For all the work and dedicated engineering that went into the 500L, I'm sorry to say that I didn't enjoy my time with the speaker. It did some things well—which I'll describe—but it was overall just too bright and forward-balanced for my taste. The treble was aggressive and overly prominent, constantly reminding me that I was listening to loudspeakers. Although the Thiel CS3.6 is also forward and immediate-sounding, it isn't aggressive or strident. In addition, the CS3.6's immediacy covers the entire band—the 500L sounded forward only in the treble.

The violins in Handel's Water Music (Harmonia Mundi HMU 7010), for example, were thin and wiry, almost to the point of sounding screechy. During the passages with no violins, the 500Ls sounded fine. But violins were accompanied by an irritating stridency that sounded nothing like live instruments. They sounded wiry and thin rather than rich and full.

Similarly, the cymbals on one of my own jazz recordings were far too prominent in the mix. They tended to dominate the sonic landscape, calling attention to themselves and distracting from the music.

This aggressiveness also extended down into the lower treble. When I put on the Jennifer Warnes track from Rob Wasserman's Duets CD (MCA MCAD-42131) to set up the 500Ls, her voice acquired a thinness that emphasized mouth noises and sibilance. It was the antithesis of the pure, warm, liquid, sweet, and gorgeous rendering that I heard from the Genesis III.

I tried putting a single layer of a T-shirt over the midrange and tweeter; this restored a semblance of a natural lower-treble balance, but provided too much top-octave rolloff. Nevertheless, the fact that a T-shirt brought the lower treble into a more natural balance demonstrated just how bright the 500Ls were. It wasn't that the upper mids and treble were hashy or hard; there was just too much energy in the low- and mid-treble, coupled with a bit of metallic-sounding coloration. Despite the bright presentation, the 500Ls didn't have the sense of openness and air heard from the decidedly less bright Genesis IIIs.

I tried a number of things to reduce the 500Ls' brightness: the VTL 225 tubed monoblocks were substituted for the Mark Levinson No.23.5; the softer-sounding AudioQuest Midnight replaced AudioQuest Sterling to the tweeter; and I faced the 500Ls straight ahead, rather than toeing them in slightly. This positioning reduced the brightness somewhat, but at the expense of image focus. In addition, I put the 500Ls back on the pink noise for another 24 hours to make sure they were fully broken-in.

Despite these measures, the 500Ls still had too much treble energy. They were no longer excruciatingly bright, but in my view were still over the edge.

After finishing the auditioning and looking at JA's measurements of the 500L, I switched the midrange/tweeter modules' positions so that the drivers were toward the outside edge of the cabinet rather than the inside edge. (This is contrary to the manual's instructions.) The lateral response family of curves shows that the 500L develops a lower-treble peak off-axis on the side toward the listener.
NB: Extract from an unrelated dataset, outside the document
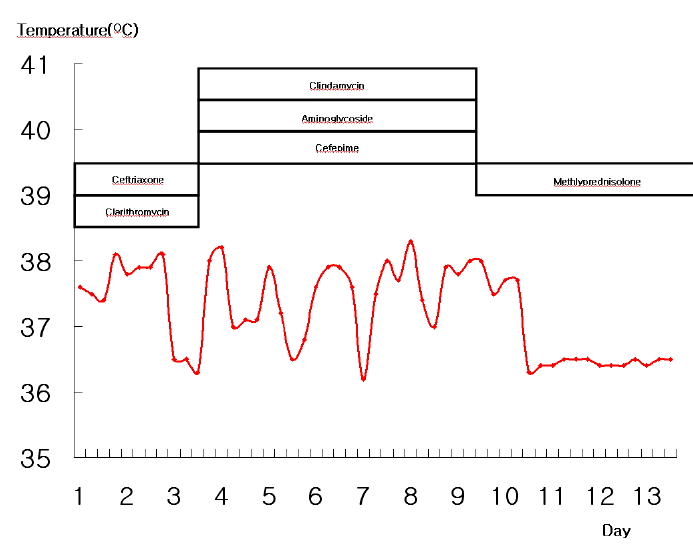 치료 및 경과: 환자는 입원하여 3일간 항생제 치료하였으나 발열 지속되어서 4일째부터 cefepime, aminoglycoside 및 clindamycin을 병합하여 사용하였고, 6일째 흉부 X-선에서 오른쪽 폐 병변은 다소 호전소견을 보였으나 양측 폐에 흉수가 새로 발생하였다(그림 2B). 혈액배양 검사, 객담배양검사, 객담 항산균 도말검사 등 모두 특이 소견이 없었다. 발열이 입원 9일째까지 지속되었으며 피부 조직 검사 결과 스위트 증후군으로 진단하고, 입원 9일째부터 methylprednisolone 62.5 mg을 하루 한 번 정맥 투여 하였으며 내원 10일째부터 발열은 사라졌다(그림 4). 이후 7일간 methylprednisolone을 투여한 후 경구 전환하였다. 피부 병변은 스테로이드 사용 전까지 호전이 없다가, 사용 이후부터 점차 발진이 호전되고 병변이 줄어들기 시작하면서 내원 17일경에는 거의 사라졌다. 폐의 병변도 스테로이드 사용 전까지는 큰 호전이 없다가, 사용 후부터 호전 양상을 보여, 입원 25일째 흉부 X-선 사진상 오른쪽 폐의 경화 소견은 남아있었으나 이전에 비하여 크게 호전된 양상이었고, 양쪽 폐에 발생한 흉수는 모두 사라졌다. 입원 26일째 퇴원하였고, 이후 저용량 경구 스테로이드를 유지하면서 경과관찰하였으며 퇴원 1달 뒤 시행한 흉부 X-선 사진은 호전되어 특이 소견을 보이지 않았다.

By switching the modules' positions, I theorized that this peakiness would now occur on the axis away from the listener and toward the sidewall, where it would be somewhat attenuated by the ASC Studio Traps instead of being reflected toward the listener.

This was indeed the case. The excess treble energy was reduced with the modules switched. The 500Ls were no longer screechy, but the wiry violins, sibilance on voices, and thin-sounding cymbals were still there, albeit to a lesser degree. Removing the Studio Traps, however, allowed the peaky off-axis response to reflect off the sidewalls, further increasing the amount of mid- and lower-treble energy at the listening seat.

The measurements also indicated that the grilles would slightly reduce the amount of treble energy. I thus put the grilles on and left them there for the rest of the auditioning.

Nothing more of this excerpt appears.